* _Dataset extract_
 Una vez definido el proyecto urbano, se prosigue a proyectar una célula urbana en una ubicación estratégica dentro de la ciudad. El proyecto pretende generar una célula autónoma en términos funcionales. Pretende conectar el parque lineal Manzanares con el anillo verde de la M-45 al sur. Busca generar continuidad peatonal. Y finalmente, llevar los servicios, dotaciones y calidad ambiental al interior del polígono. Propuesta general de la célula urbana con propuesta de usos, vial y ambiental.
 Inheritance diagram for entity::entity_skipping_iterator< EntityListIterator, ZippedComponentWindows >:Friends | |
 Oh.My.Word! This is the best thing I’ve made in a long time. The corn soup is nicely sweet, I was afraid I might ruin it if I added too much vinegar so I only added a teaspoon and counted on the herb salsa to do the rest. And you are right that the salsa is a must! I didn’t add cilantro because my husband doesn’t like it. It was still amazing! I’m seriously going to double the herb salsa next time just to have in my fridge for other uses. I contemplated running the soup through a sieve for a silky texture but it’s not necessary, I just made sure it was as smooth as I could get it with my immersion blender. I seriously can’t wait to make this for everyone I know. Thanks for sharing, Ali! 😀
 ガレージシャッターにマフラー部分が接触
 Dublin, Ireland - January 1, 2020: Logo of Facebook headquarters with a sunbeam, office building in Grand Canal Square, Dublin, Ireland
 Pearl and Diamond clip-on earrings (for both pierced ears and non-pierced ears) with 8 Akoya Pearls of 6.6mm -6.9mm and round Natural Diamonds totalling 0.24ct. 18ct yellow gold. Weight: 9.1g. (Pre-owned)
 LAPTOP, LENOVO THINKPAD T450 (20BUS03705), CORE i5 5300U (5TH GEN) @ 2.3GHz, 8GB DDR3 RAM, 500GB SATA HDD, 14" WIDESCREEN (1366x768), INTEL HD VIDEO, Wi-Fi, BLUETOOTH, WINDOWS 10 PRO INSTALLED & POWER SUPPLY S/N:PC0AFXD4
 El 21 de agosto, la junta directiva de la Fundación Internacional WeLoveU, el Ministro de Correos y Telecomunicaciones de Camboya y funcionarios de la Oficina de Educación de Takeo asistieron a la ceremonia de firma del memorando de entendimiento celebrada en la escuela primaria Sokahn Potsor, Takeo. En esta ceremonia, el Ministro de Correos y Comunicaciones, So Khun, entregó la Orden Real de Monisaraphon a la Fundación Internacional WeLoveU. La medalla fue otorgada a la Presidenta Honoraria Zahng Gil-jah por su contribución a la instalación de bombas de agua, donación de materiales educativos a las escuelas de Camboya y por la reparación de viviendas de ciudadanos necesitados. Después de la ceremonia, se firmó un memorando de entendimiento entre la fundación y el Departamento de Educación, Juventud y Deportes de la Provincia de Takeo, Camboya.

---

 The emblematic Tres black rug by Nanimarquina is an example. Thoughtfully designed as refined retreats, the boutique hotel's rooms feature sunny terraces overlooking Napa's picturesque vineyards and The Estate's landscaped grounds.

* _Work to complete_
Of the entries above, repeat exactly the lines between the line with "ガレージシャッターにマフラー部分が接触" and the line with "El 21 de agosto, la", inclusive, and no others.

* _Your solution_
 ガレージシャッターにマフラー部分が接触
 Dublin, Ireland - January 1, 2020: Logo of Facebook headquarters with a sunbeam, office building in Grand Canal Square, Dublin, Ireland
 Pearl and Diamond clip-on earrings (for both pierced ears and non-pierced ears) with 8 Akoya Pearls of 6.6mm -6.9mm and round Natural Diamonds totalling 0.24ct. 18ct yellow gold. Weight: 9.1g. (Pre-owned)
 LAPTOP, LENOVO THINKPAD T450 (20BUS03705), CORE i5 5300U (5TH GEN) @ 2.3GHz, 8GB DDR3 RAM, 500GB SATA HDD, 14" WIDESCREEN (1366x768), INTEL HD VIDEO, Wi-Fi, BLUETOOTH, WINDOWS 10 PRO INSTALLED & POWER SUPPLY S/N:PC0AFXD4
 El 21 de agosto, la junta directiva de la Fundación Internacional WeLoveU, el Ministro de Correos y Telecomunicaciones de Camboya y funcionarios de la Oficina de Educación de Takeo asistieron a la ceremonia de firma del memorando de entendimiento celebrada en la escuela primaria Sokahn Potsor, Takeo. En esta ceremonia, el Ministro de Correos y Comunicaciones, So Khun, entregó la Orden Real de Monisaraphon a la Fundación Internacional WeLoveU. La medalla fue otorgada a la Presidenta Honoraria Zahng Gil-jah por su contribución a la instalación de bombas de agua, donación de materiales educativos a las escuelas de Camboya y por la reparación de viviendas de ciudadanos necesitados. Después de la ceremonia, se firmó un memorando de entendimiento entre la fundación y el Departamento de Educación, Juventud y Deportes de la Provincia de Takeo, Camboya.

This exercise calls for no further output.